I’ve been thinking about have a PRP injection into my elbow to help heal a bad case of tennis elbow. When I looked on-line I found your Patient Guide to Platelet-Rich Plasma Treatment. I work in a lab in a hospital so I know that preparations of this type are not all equal. How do I know I’ll be getting the exact right mix for my problem?

You are exactly right to suggest not all injections of platelet-rich plasma (PRP) are the same. And you bring up a second challenging factor in using PRP for tendon problems: knowing how much to inject and providing the exact right ratio of leukocytes (white blood cells) to platelets.

As you know from reading our Patient Guide to Platelet-Rich Plasma (PRP) Treatment, PRP refers to a sample of serum (blood) plasma that has as much as four times more than the normal amount of platelets.

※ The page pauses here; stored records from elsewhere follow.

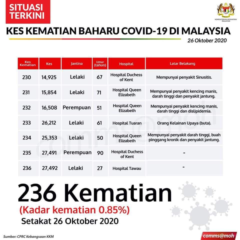 Kes Kematian Baharu COVID-19 Di Malaysia 26/10/2020 Aiman Siaran Media 26 Oktober 2020 Jumlah paparan: 502 Rating: ( 0 Rating ) Sila beri kadar Undi 1 Undi 2 Undi 3 Undi 4 Undi 5 Lihat / Muat Turun JPG Facebook Twitter Seterusnya Seterusnya
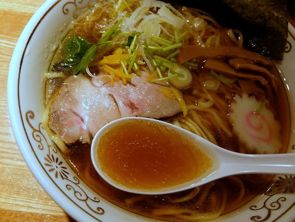 スープは、品名通りさらさらの清湯醤油味。 オープン当初、本店の「中華そば」は濃厚な豚骨魚介醤油味でしたが、今回は真逆の淡麗あっさりタイプ。
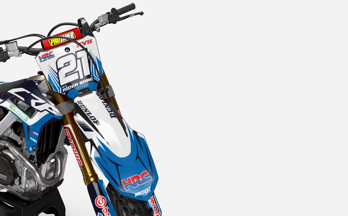 Custom motocros graphic kits for HONDA, designed for any dirt bike model and year. Our graphics kits are made using Substance materials, the industry’s leading print media for motocross and other power-sport applications.
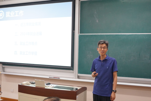 学院党委副书记戴诚安介绍了近三年本科生和研究生的就业状况,重点汇报了2024年的就业进展,从不同角度剖析了目前就业难点、堵点以及学院后续将采取的针对性举措。
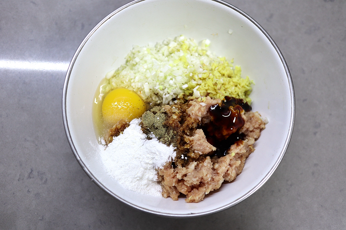 丸子材料:猪肉300克,咸蛋黄12个,鸡蛋1个,大葱1段,姜1块,黑胡椒粉3克,蚝油30克,酱油30克,盐2克,淀粉30克,凉水少许,油适量(实耗很少)
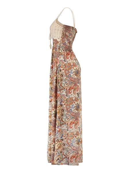 Trägerkleid mit Crochet-Oberteil, elastischem Tailenbund und Blumenprint.
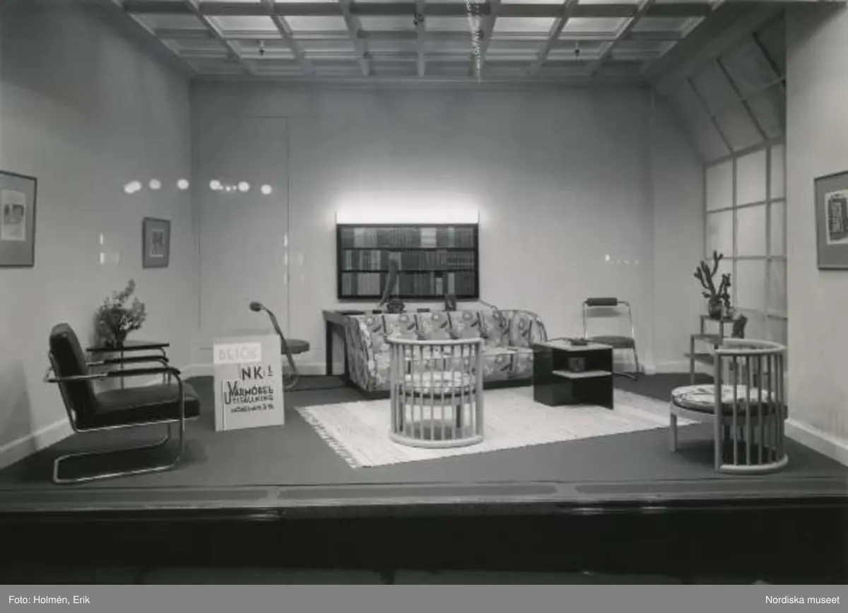 Utställningsinteriör med möbler på NK. 1932. Soffa, fåtöljer.
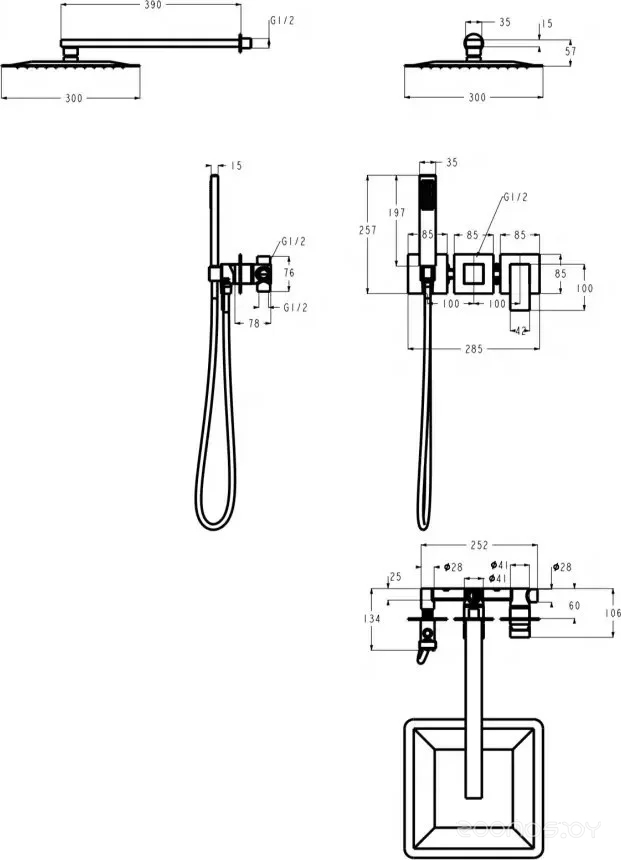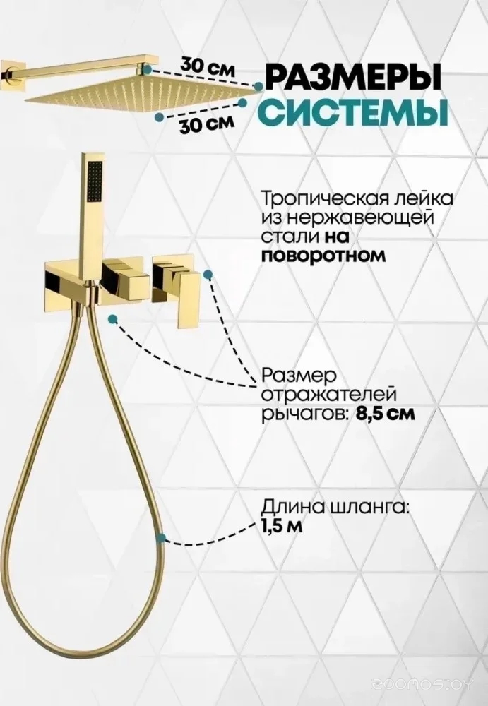 Диаметр (ширина) верхнего душа: 300 мм

This treatment enhances the body’s natural ability to heal itself and is used to improve healing and shorten recovery time from acute and chronic soft tissue injuries.

Researchers are investigating what is the best “recipe” for this product. There are looking to see if there is some amount of platelets and white blood cells that will give the best results. Right now, the exact ratio for optimum outcomes is unknown.

To aid in that research, veterinarians from Cornell University in New York are doing some studies using blood and tendon tissue from horses to investigate the effect of various platelet to white blood count ratios. They prepared and analyzed the results on healing for four different concentrations of platelet:white blood cells.

One reason this type of research is even needed comes from previous studies that showed a “Goldilocks effect” of platelet-rich plasma treatment. It has been observed that too low or too high a concentration of platelets yields inferior results or poor outcomes. This study is an effort to find the “just right” concentration of these two important ingredients in the platelet-rich plasma (PRP) treatment.

The hypothesis (theory) of these researchers was that having a product with reduced leukocyte (white blood cell) count or one with increased platelets would give the best results. Their specific task was to find out which combination of these two products gave the best results. They started with three groups that had the same amount of platelets but different levels of leukocytes (low, medium, and high). A fourth group with high platelets and high leukocytes was also included.

They found that the high levels of white blood cells (the leukocytes) caused increased inflammation. This was true no matter what platelet to leukocyte ratio used. Inflammation will delay or slow healing with the possibility of more scar tissue. At least from an animal model, it looks like reducing the amount of leukocytes in platelet-rich plasma (PRP) therapy might help stimulate the best healing response with the least amount of scar tissue. On the other hand, increasing the amount of platelets does not counteract the inflammatory effect of the leukocytes.

Of course, this was just one set of differing concentration ratios and in animals with normal tendon tissue. More studies are needed to further define the optimum blend in humans and for different conditions.

And as someone who is familiar with lab procedures, you know it will be important to compare different preparations created with different systems. Different centrifugal speeds, varied plasma volumes, and number of spins could each have a unique impact on the final product. If there is a possibility of a superior product, patients and surgeons will want to know.